Evolving Our Understanding of Photography

“There is no un-theoretical way to see photography,” noted David Bate, professor of photography at the University of Westminster, London. How we see and understand photographs is always informed by a framework we have in mind, even if it is subconscious. The current framework is still focused on the past, but this is a missed opportunity, given the advances arriving in the 21st century. Theory and criticism need to move beyond today’s coordinates of the discourse. The possible ways to capture raw data, process these, and how they can be printed or disseminated mean that the definition of photography is no longer the one I knew as a child, but needs to be much more inclusive.

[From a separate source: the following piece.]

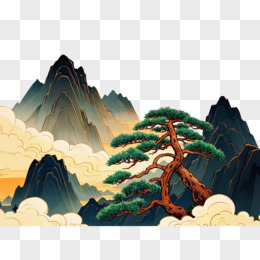 国潮风松树山川免抠元素
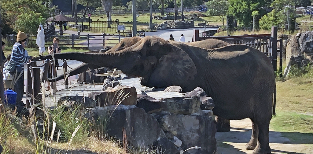 一周は 3-4km ぐらいでしょうか。途中で象の餌やり(要事前予約)だとか、キリンやシマウマだとか、…えっと、鹿っぽいヤツがどう見ても園の外に居るんですが大丈夫なんですかね、コレ^^;

Through this century, the most prevalent forms of image capture and dissemination will include these expanded forms of image-making, powered by software. These technologies will make the resulting image-continuum vast. Pushing these boundaries will enable us to see the world more clearly, see more things we could not see before, and be able to see and print our thoughts. Imagine seeing pictures of celestial structures that are much further out from Earth—and hence further back in time—than we have seen before, giving us a look into the origins of our universe. Imagine a photojournalist using a camera that renders walls transparent to take images inside of an immigration detention center, helping expand our social consciousness and building empathy in new ways. Imagine your family album contained not only photographs of your grandmother, but also of her dreams and thoughts that she wanted to share, giving you a deep intimacy with her across time. These types of images will expand how we view the world, how we see ourselves in that world and how we construct our sense of self in the twenty-first century. Understanding emerging photographic possibilities is crucial to better inform the practices that will profoundly influence this evolving sense of self.

We will continue to cherish this expanded suite of image types in our physically, digitally, or cerebrally stored family albums.

Evolving My Family Album

During the coronavirus pandemic, I bought a lidar camera to make family photos — an expansion of the family album I used to look at as a child. Unlike traditional images constructed from a single point of view, which limits information to a flat surface, lidar captures depth information and hence can be seen from multiple perspectives. These images can be rotated on the computer to see a three-dimensional view of the subject, and a selected angle can be printed in 2D. Like Nick Knight's photosculptures, these images can also be 3D-printed.

My LIDAR photograph of my wife.Photograph: Rashed Haq
My LIDAR photograph of my wife.Photograph: Rashed Haq

These photographs evoke the vocabulary of sculpture. The light and shadow give specificity to the form so you can feel the volume and mass of the subject. While discussing these photos with my family, my son, who has a strong visual memory, thought that these are interesting but added only a little beyond the (traditional) photographs in the album. My daughter, who has a strong kinesthetic memory and is a dance student, felt that these body forms activate our awareness of our own bodies, a sense of its scale and physicality, as if we are now speaking the body’s language. They are definitely staying in the family album.